Top of The data

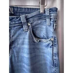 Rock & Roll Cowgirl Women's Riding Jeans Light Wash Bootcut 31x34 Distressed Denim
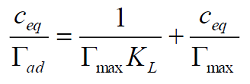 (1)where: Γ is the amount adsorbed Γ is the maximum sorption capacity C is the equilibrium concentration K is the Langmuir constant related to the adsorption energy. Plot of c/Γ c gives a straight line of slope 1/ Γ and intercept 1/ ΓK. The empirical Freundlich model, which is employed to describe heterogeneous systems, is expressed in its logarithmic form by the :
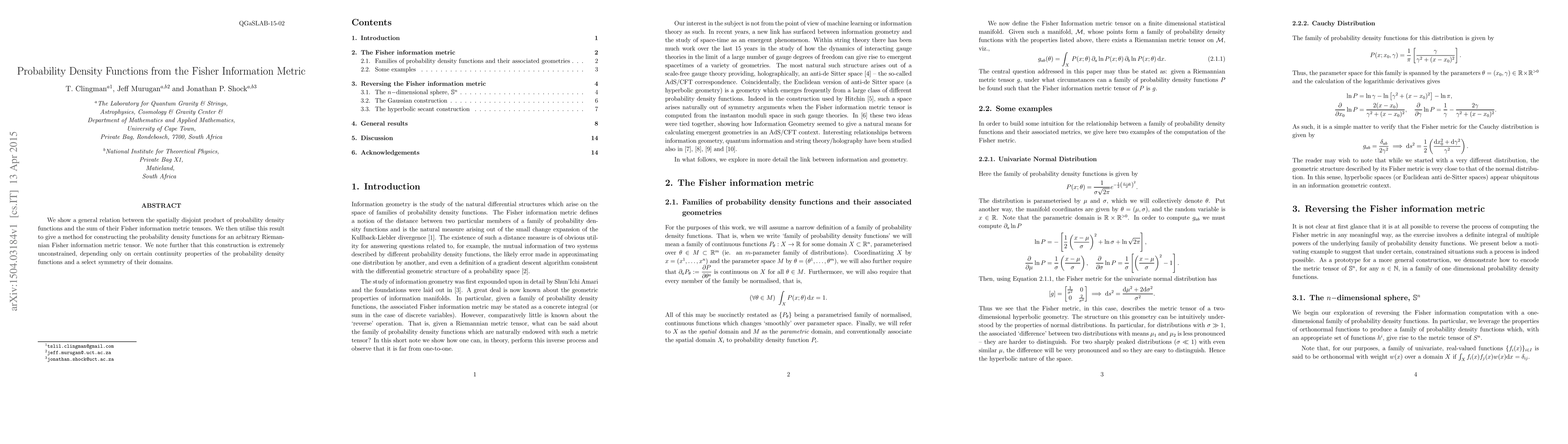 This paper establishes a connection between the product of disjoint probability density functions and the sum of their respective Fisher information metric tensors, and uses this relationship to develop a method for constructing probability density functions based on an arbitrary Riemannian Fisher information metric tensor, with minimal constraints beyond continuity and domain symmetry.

Bottom of The data
Top of The data

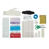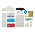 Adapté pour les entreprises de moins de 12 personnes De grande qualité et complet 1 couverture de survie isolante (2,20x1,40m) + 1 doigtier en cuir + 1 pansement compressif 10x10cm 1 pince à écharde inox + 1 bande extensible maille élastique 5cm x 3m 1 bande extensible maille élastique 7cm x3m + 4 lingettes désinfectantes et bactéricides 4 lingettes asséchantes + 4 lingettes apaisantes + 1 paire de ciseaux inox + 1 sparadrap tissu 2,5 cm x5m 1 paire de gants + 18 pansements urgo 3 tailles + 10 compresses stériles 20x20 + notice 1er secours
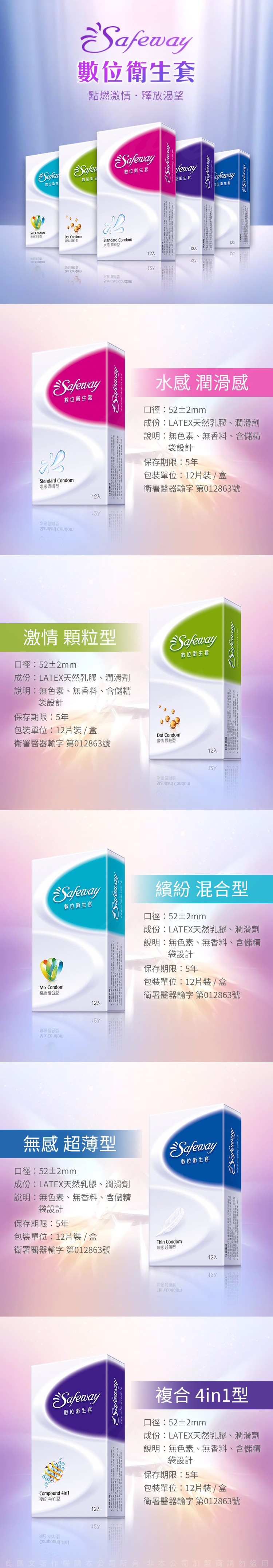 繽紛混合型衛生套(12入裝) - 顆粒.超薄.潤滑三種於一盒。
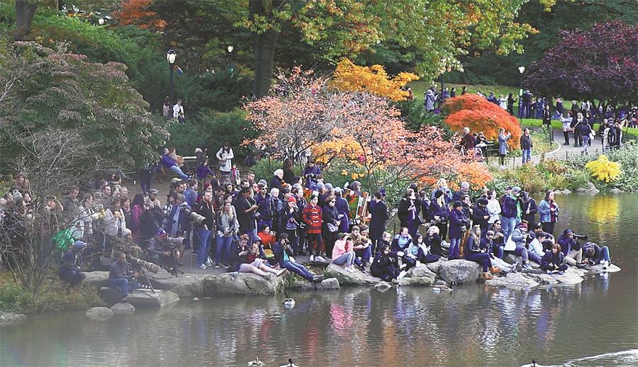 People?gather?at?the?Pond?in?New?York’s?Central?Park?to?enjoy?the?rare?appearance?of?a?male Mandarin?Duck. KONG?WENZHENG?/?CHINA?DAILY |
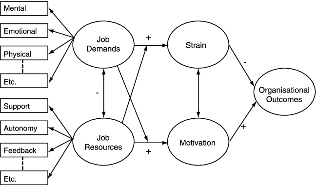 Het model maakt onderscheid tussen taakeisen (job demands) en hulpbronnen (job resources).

Bottom of The data
Top of The data

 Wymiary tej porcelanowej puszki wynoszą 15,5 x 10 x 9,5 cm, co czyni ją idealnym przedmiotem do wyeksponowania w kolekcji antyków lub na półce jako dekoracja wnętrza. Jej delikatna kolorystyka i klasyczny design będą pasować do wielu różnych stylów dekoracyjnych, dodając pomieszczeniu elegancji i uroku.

Bottom of The data

## Assigned task
Could you transcribe exactly the entries above, but only the lines from the one with "繽紛混合型衛生套(12入裝) - 顆粒.超薄.潤滑三種於一盒。" through the one with "Het model maakt", and without pictures?

## Problem solution
 繽紛混合型衛生套(12入裝) - 顆粒.超薄.潤滑三種於一盒。
 People?gather?at?the?Pond?in?New?York’s?Central?Park?to?enjoy?the?rare?appearance?of?a?male Mandarin?Duck. KONG?WENZHENG?/?CHINA?DAILY |
 Het model maakt onderscheid tussen taakeisen (job demands) en hulpbronnen (job resources).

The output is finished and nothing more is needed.